Task:
Word for word, copy the lines beginning at the one with "แม้สัดส่วนการครองบอลจะใกล้เคียงกัน โดยแพทริค ธิสเทิ่ลมี" and ending at the last line below; pictures stay out.

Task material:

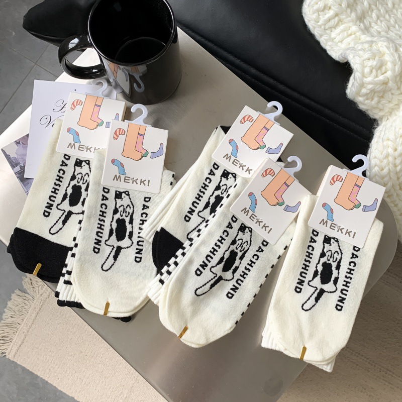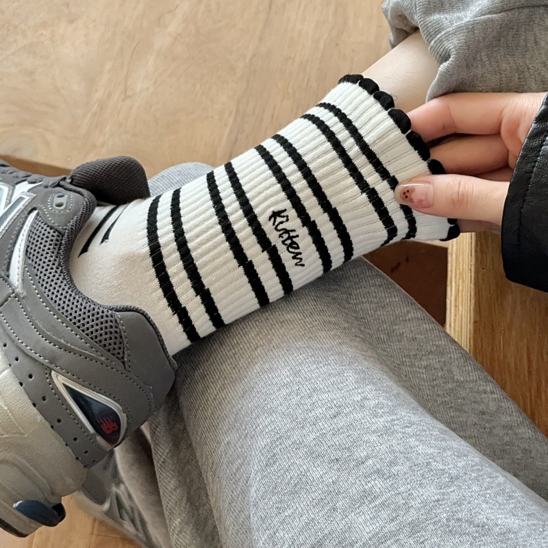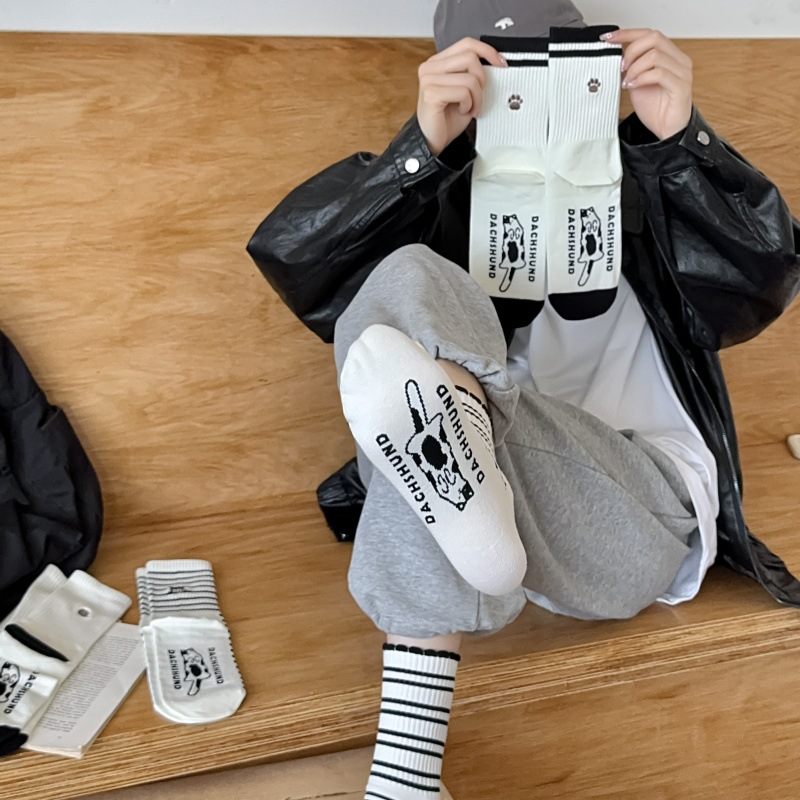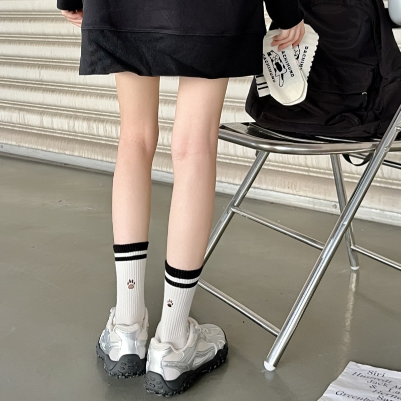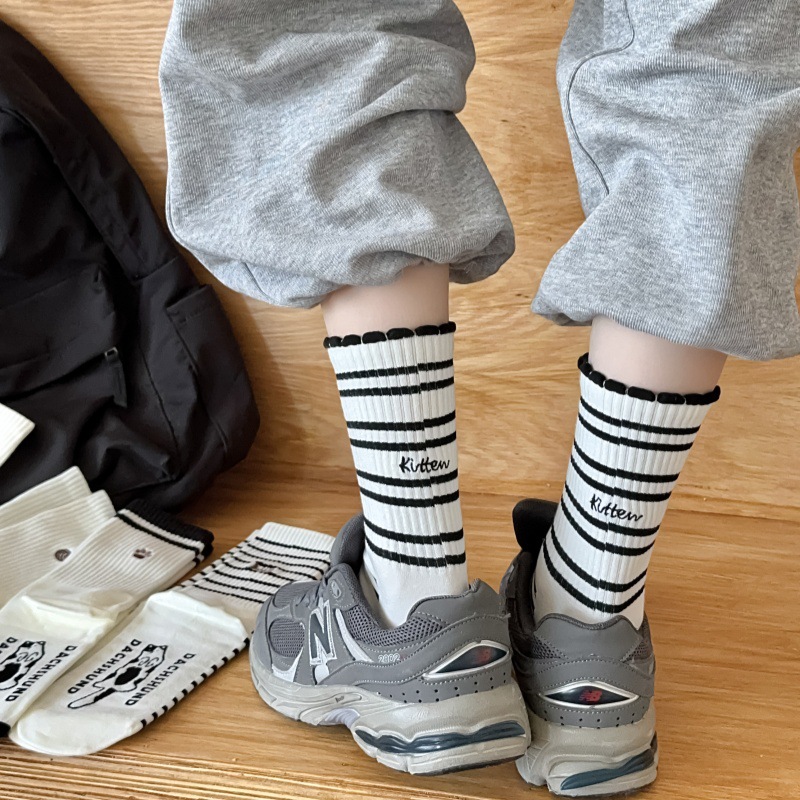 이른 가을 새로운 만화 귀여운 게으른 고양이 여성 튜브 양말 빗질면 높은 고무 흑백 고양이 자수 스포츠 스타킹스토어 가기
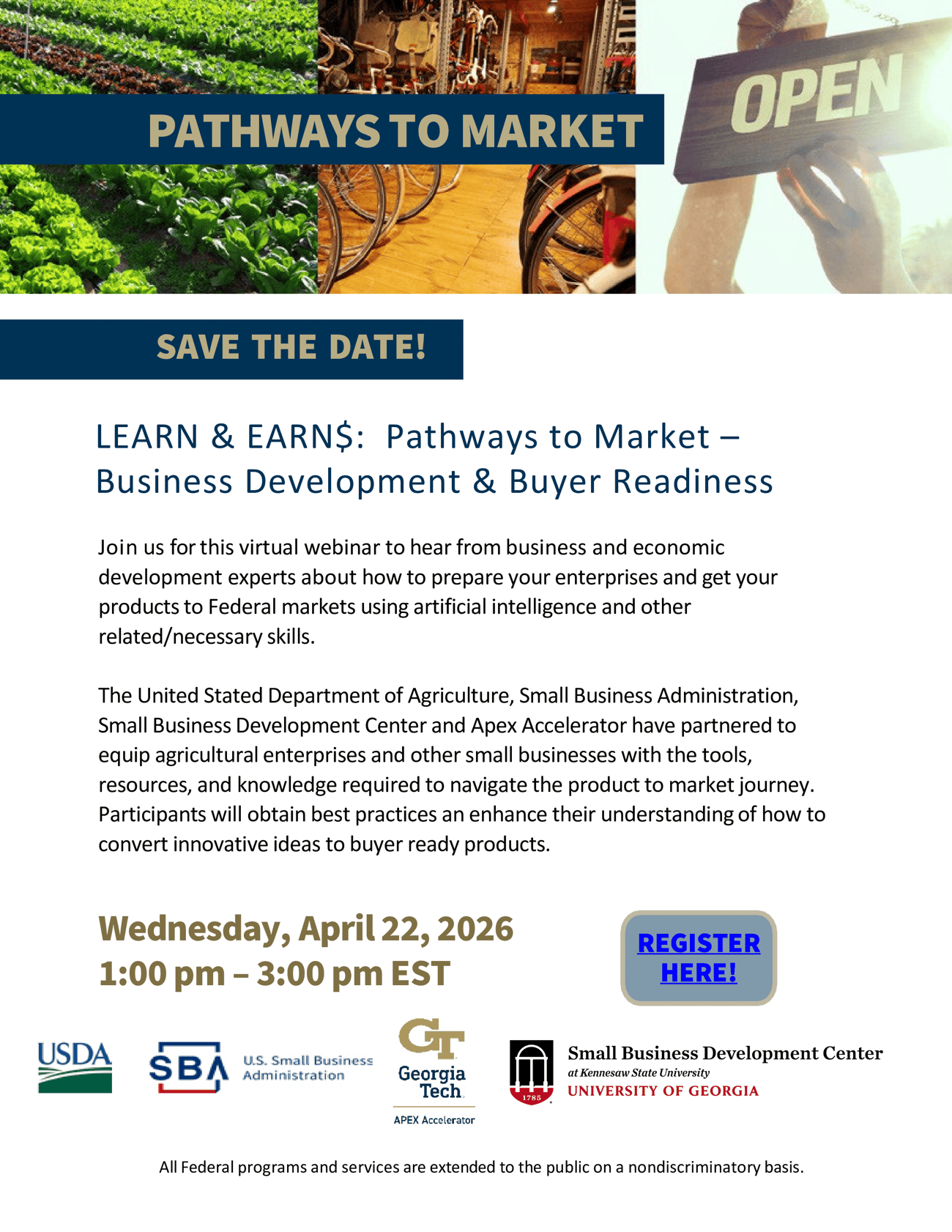 The United States Department of Agriculture, Small Business Administration, Small Business Development Center, and Apex Accelerator have partnered to equip agricultural enterprises and other small businesses with the tools, resources, and knowledge
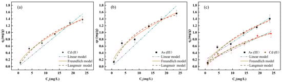 Fitting of isotherm models for the adsorption of single system As(III) (a), Cd(II) (b), and binary system (c) on PBS.
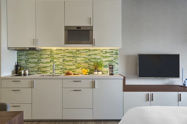 Het hotel telt 160 kamers, variërend tussen een standaard studio of een tweekamerappartement. Elke kamer beschikt over een volledig uitgeruste keuken, zithoek, werkplek, bed en een spa-geïnspireerde badkamer. Het hotel beschikt ook over een kiosk met een kleine selectie aan eten en drinken. Hier kan de gast een en ander kopen om op zijn kamer te bereiden.
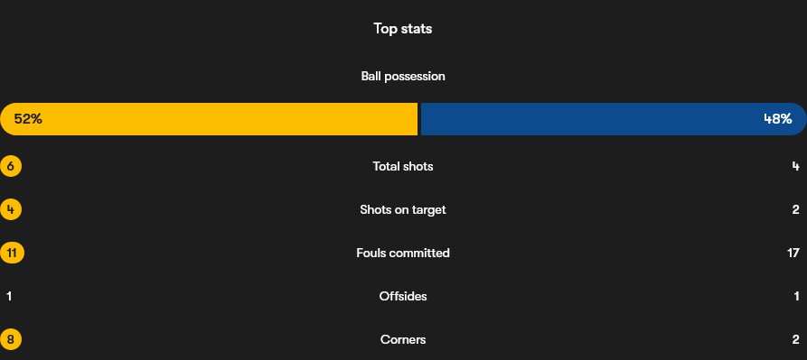 แม้สัดส่วนการครองบอลจะใกล้เคียงกัน โดยแพทริค ธิสเทิ่ลมี 52 เปอร์เซ็นต์ ส่วนรอสส์ เคาน์ตี้มี 48 เปอร์เซ็นต์ แต่คุณภาพเกมรุกต่างกันชัด เจ้าถิ่นยิง 6 ครั้ง เข้ากรอบ 4 ครั้ง และเปลี่ยนเป็น 3 ประตู ขณะที่ทีมเยือนยิง 4 ครั้ง เข้ากรอบ 2 ครั้ง ได้เพียงลูกเดียว นอกจากนี้แพทริคยังได้เตะมุมมากถึง 8 ครั้ง เทียบกับรอสส์ เคาน์ตี้ที่ได้ 2 ครั้ง ส่วนการฟาวล์ ทีมเยือนทำถึง 17 ครั้ง มากกว่าเจ้าบ้านที่ทำ 11 ครั้ง สะท้อนว่าพวกเขาต้องตัดเกมหนักพอสมควร
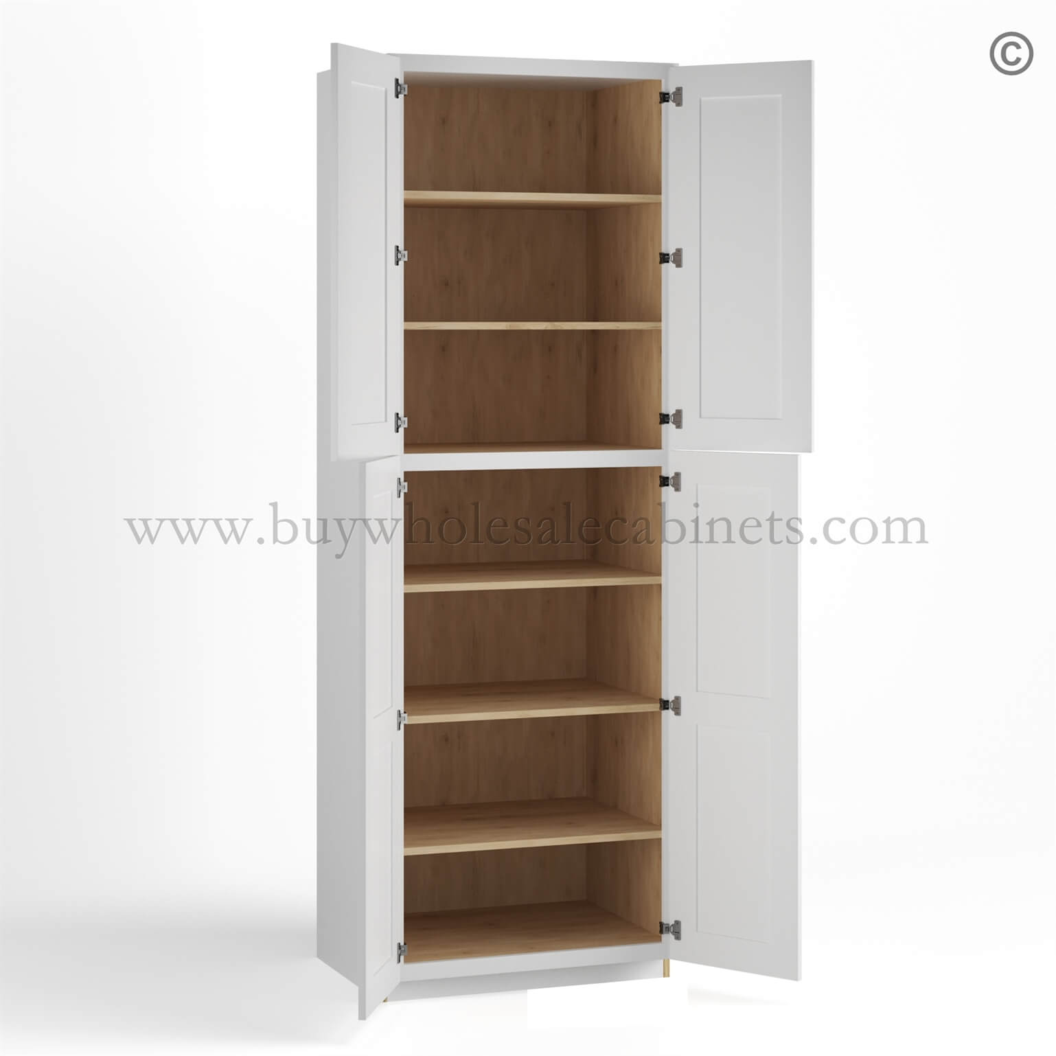 Our White Shaker 24 W Two Double Door Utility Pantry Cabinet is 24″ wide, 24″ deep, and available in 3 heights. (84″, 90″, 96″).
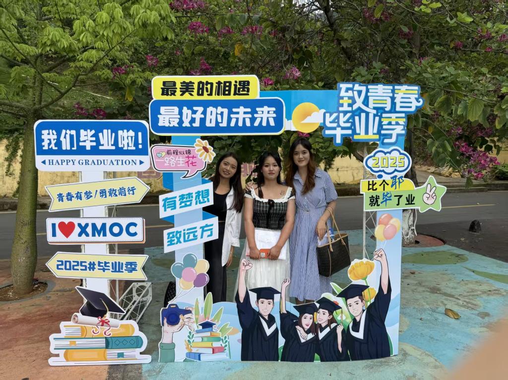 校園里,創意畢業打卡點成為畢業生們的“青春留念地”。“畢業證書”造型展板,寫滿對畢業生的祝福;“最美的相遇,最好的未來”主題打卡區,匯聚“我們畢業啦”“致青春畢業季”等標語,同學和老師們在此定格美好,用笑容紀念校園歲月,讓青春身影與校園風景、祝福話語相融。
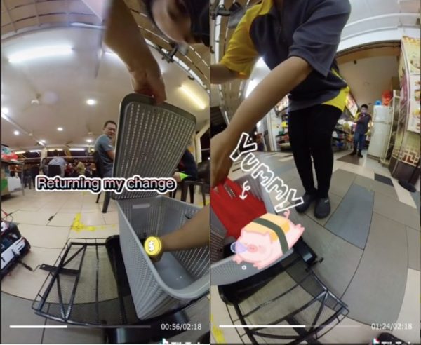 有员工问起:“钱叻?”,男子才指示他们到遥控车后面的灰色篮子查看,员工一打开便惊呼:“哇!里面有钱!”,员工接着取出现金,并将找零放回篮子里。
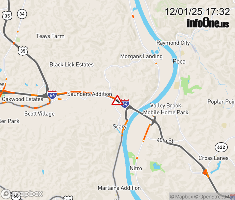 Canceled 12/1/25 6:10 PM Location: I-64 at MM 43.0, WV Congestion.
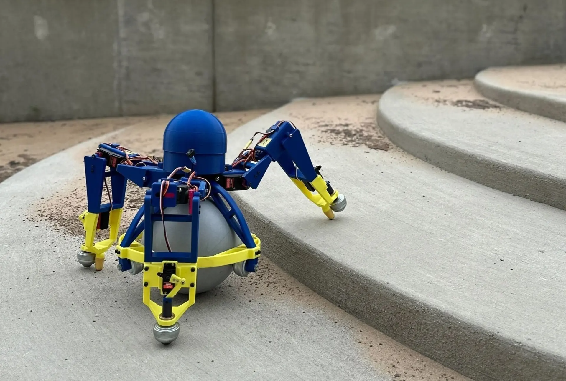 Omnidirectional tripedal robot scoots, shuffles and climbs

Reply to the exercise:
 แม้สัดส่วนการครองบอลจะใกล้เคียงกัน โดยแพทริค ธิสเทิ่ลมี 52 เปอร์เซ็นต์ ส่วนรอสส์ เคาน์ตี้มี 48 เปอร์เซ็นต์ แต่คุณภาพเกมรุกต่างกันชัด เจ้าถิ่นยิง 6 ครั้ง เข้ากรอบ 4 ครั้ง และเปลี่ยนเป็น 3 ประตู ขณะที่ทีมเยือนยิง 4 ครั้ง เข้ากรอบ 2 ครั้ง ได้เพียงลูกเดียว นอกจากนี้แพทริคยังได้เตะมุมมากถึง 8 ครั้ง เทียบกับรอสส์ เคาน์ตี้ที่ได้ 2 ครั้ง ส่วนการฟาวล์ ทีมเยือนทำถึง 17 ครั้ง มากกว่าเจ้าบ้านที่ทำ 11 ครั้ง สะท้อนว่าพวกเขาต้องตัดเกมหนักพอสมควร
 Our White Shaker 24 W Two Double Door Utility Pantry Cabinet is 24″ wide, 24″ deep, and available in 3 heights. (84″, 90″, 96″).
 校園里,創意畢業打卡點成為畢業生們的“青春留念地”。“畢業證書”造型展板,寫滿對畢業生的祝福;“最美的相遇,最好的未來”主題打卡區,匯聚“我們畢業啦”“致青春畢業季”等標語,同學和老師們在此定格美好,用笑容紀念校園歲月,讓青春身影與校園風景、祝福話語相融。
 有员工问起:“钱叻?”,男子才指示他们到遥控车后面的灰色篮子查看,员工一打开便惊呼:“哇!里面有钱!”,员工接着取出现金,并将找零放回篮子里。
 Canceled 12/1/25 6:10 PM Location: I-64 at MM 43.0, WV Congestion.
 Omnidirectional tripedal robot scoots, shuffles and climbs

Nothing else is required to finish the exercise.